TASK PROMPT: Reproduction of part of the material below, pictures omitted: copy exactly, and only, the lines starting with the one with "The phosphodiester liaison is in red." and going on through the one with "Biography: Etta Moten".
RECORDS FOR THIS EXERCISE Start Marker
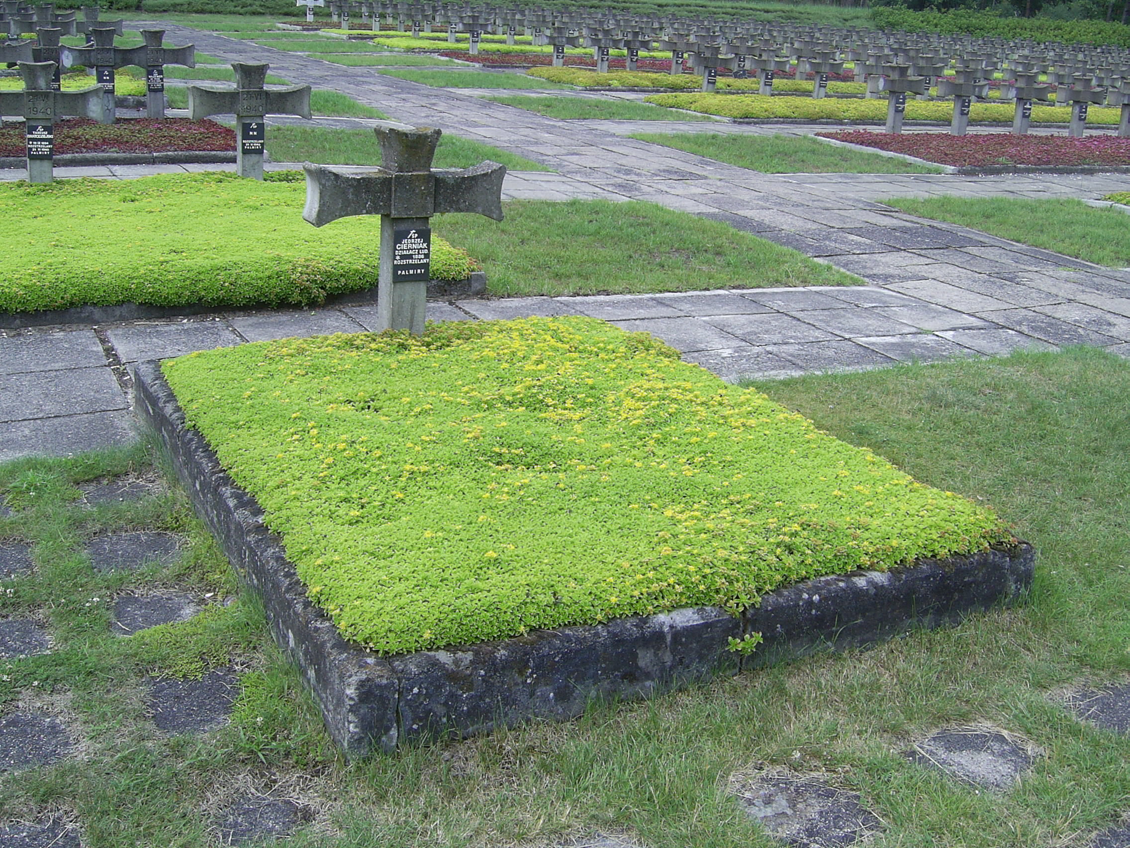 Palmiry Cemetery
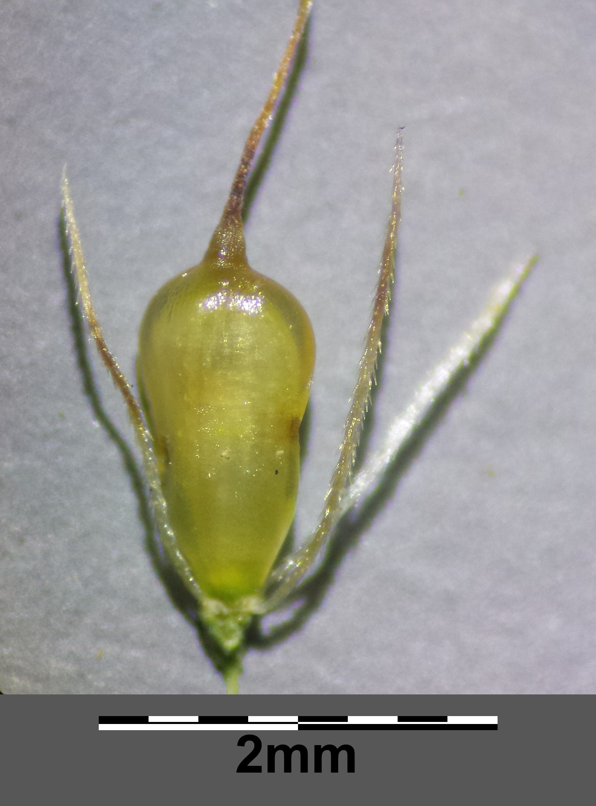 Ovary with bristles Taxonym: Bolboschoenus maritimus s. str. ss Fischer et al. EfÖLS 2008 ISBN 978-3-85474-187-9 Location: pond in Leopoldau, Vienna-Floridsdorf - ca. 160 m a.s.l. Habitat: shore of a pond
RECORDS FOR THIS EXERCISE End Marker
RECORDS FOR THIS EXERCISE Start Marker
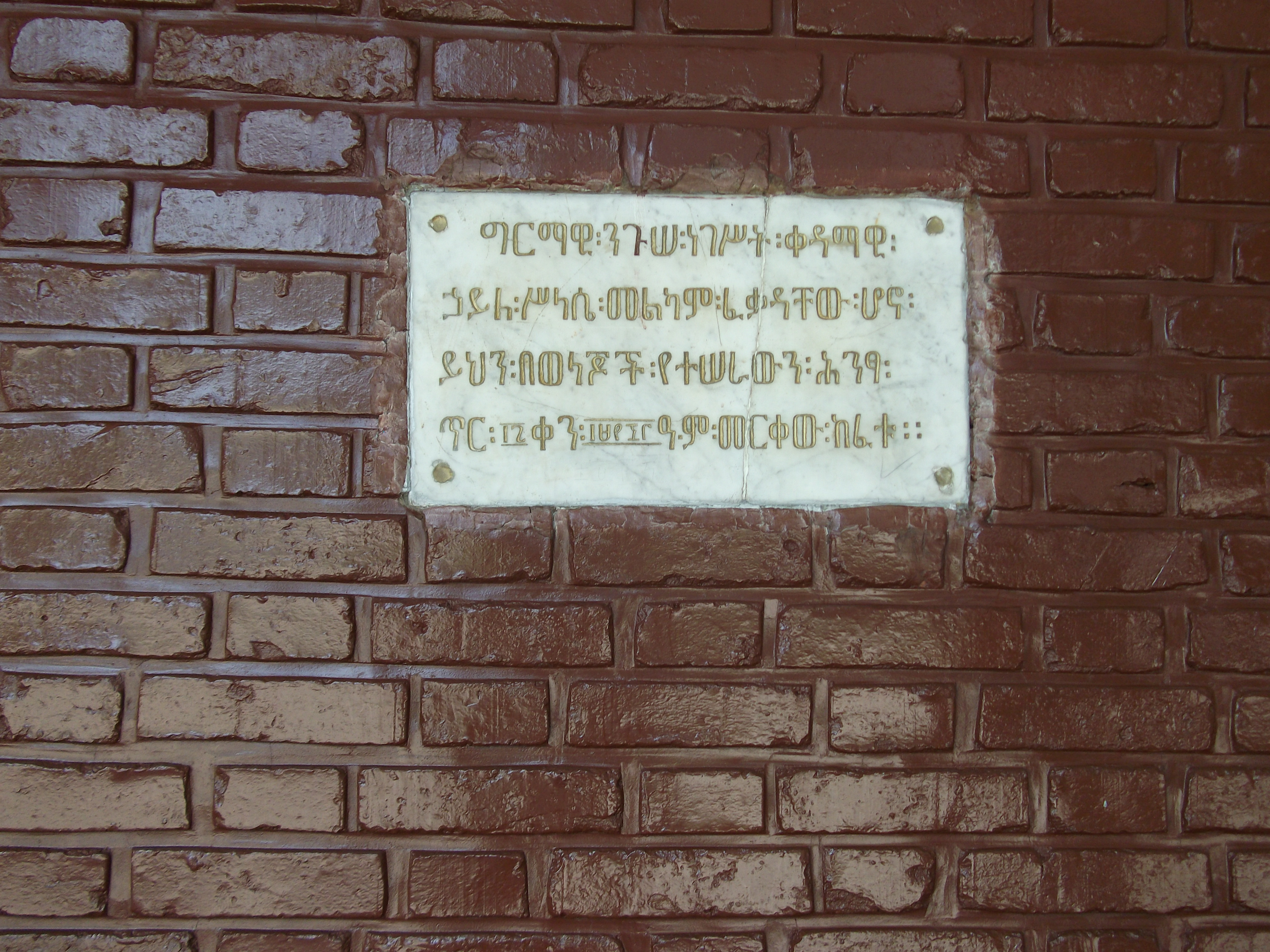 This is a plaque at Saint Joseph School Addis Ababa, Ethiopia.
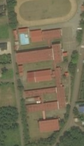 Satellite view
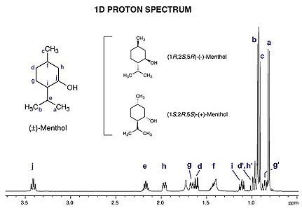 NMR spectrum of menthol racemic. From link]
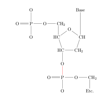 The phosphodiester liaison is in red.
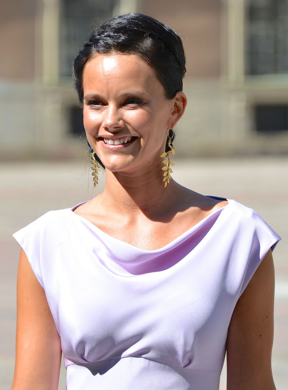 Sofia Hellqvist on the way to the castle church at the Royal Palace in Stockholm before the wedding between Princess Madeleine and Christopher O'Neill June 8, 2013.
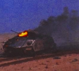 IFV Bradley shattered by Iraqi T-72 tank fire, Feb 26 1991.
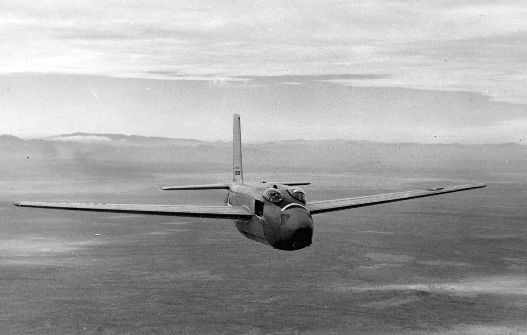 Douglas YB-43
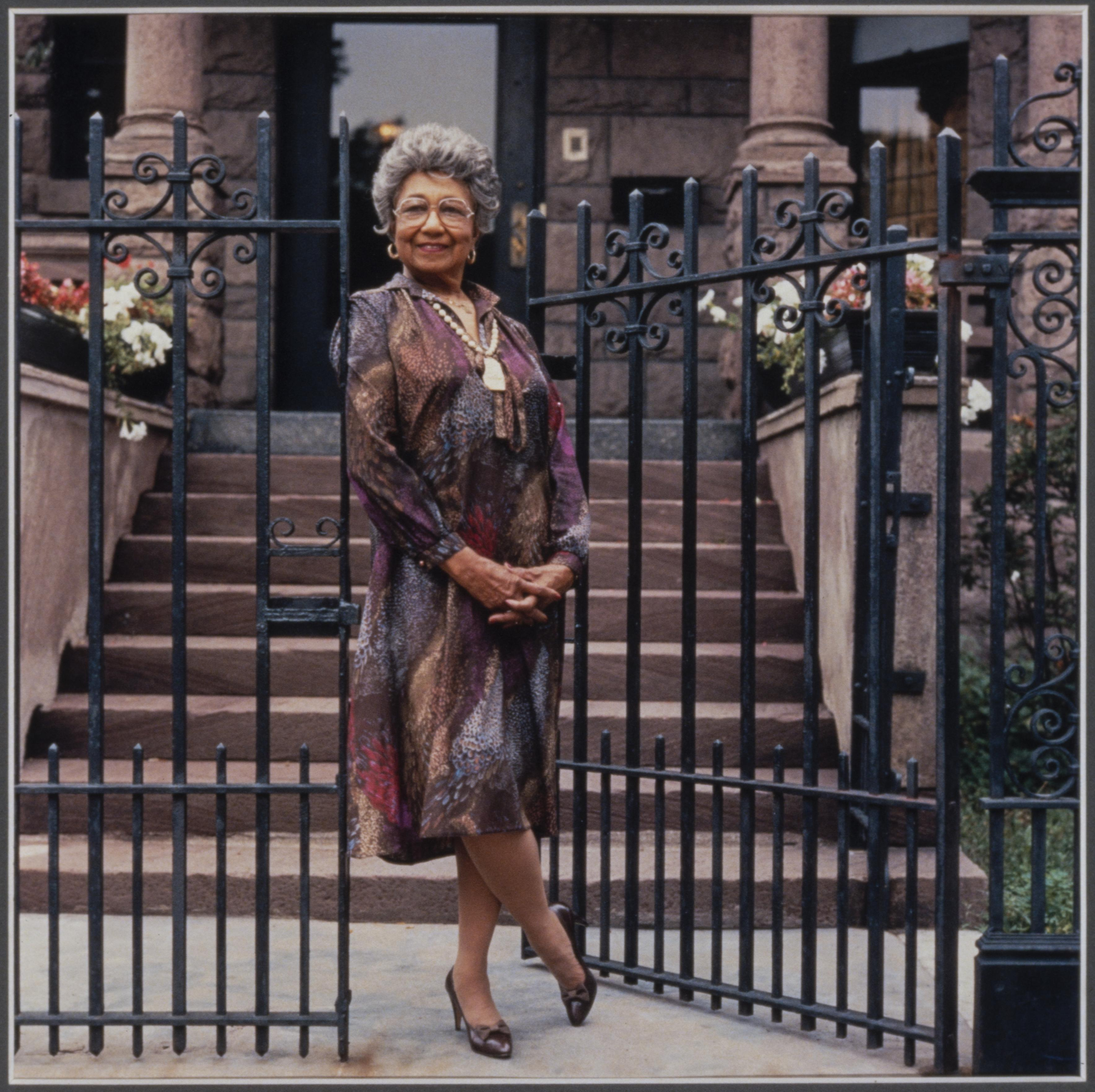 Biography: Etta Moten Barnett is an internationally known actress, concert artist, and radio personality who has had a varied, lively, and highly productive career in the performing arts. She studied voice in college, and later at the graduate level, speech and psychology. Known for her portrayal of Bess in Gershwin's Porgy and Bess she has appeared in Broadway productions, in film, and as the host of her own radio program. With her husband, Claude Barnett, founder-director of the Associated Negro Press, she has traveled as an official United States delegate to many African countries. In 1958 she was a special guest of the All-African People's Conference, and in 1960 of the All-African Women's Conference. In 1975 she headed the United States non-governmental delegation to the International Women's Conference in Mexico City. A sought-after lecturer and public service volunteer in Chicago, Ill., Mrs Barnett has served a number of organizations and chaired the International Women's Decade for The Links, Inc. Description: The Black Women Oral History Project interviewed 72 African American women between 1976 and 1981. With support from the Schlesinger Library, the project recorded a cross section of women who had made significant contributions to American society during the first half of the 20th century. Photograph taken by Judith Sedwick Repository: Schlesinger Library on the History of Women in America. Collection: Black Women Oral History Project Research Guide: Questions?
RECORDS FOR THIS EXERCISE End Marker
RECORDS FOR THIS EXERCISE Start Marker
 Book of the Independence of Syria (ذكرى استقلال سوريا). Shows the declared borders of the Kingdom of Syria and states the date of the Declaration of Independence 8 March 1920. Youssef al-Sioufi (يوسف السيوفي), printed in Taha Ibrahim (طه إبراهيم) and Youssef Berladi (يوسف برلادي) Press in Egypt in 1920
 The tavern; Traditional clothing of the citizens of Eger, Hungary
RECORDS FOR THIS EXERCISE End Marker
COMPLETED EXERCISE:
 The phosphodiester liaison is in red.
 Sofia Hellqvist on the way to the castle church at the Royal Palace in Stockholm before the wedding between Princess Madeleine and Christopher O'Neill June 8, 2013.
 IFV Bradley shattered by Iraqi T-72 tank fire, Feb 26 1991.
 Douglas YB-43
 Biography: Etta Moten Barnett is an internationally known actress, concert artist, and radio personality who has had a varied, lively, and highly productive career in the performing arts. She studied voice in college, and later at the graduate level, speech and psychology. Known for her portrayal of Bess in Gershwin's Porgy and Bess she has appeared in Broadway productions, in film, and as the host of her own radio program. With her husband, Claude Barnett, founder-director of the Associated Negro Press, she has traveled as an official United States delegate to many African countries. In 1958 she was a special guest of the All-African People's Conference, and in 1960 of the All-African Women's Conference. In 1975 she headed the United States non-governmental delegation to the International Women's Conference in Mexico City. A sought-after lecturer and public service volunteer in Chicago, Ill., Mrs Barnett has served a number of organizations and chaired the International Women's Decade for The Links, Inc. Description: The Black Women Oral History Project interviewed 72 African American women between 1976 and 1981. With support from the Schlesinger Library, the project recorded a cross section of women who had made significant contributions to American society during the first half of the 20th century. Photograph taken by Judith Sedwick Repository: Schlesinger Library on the History of Women in America. Collection: Black Women Oral History Project Research Guide: Questions?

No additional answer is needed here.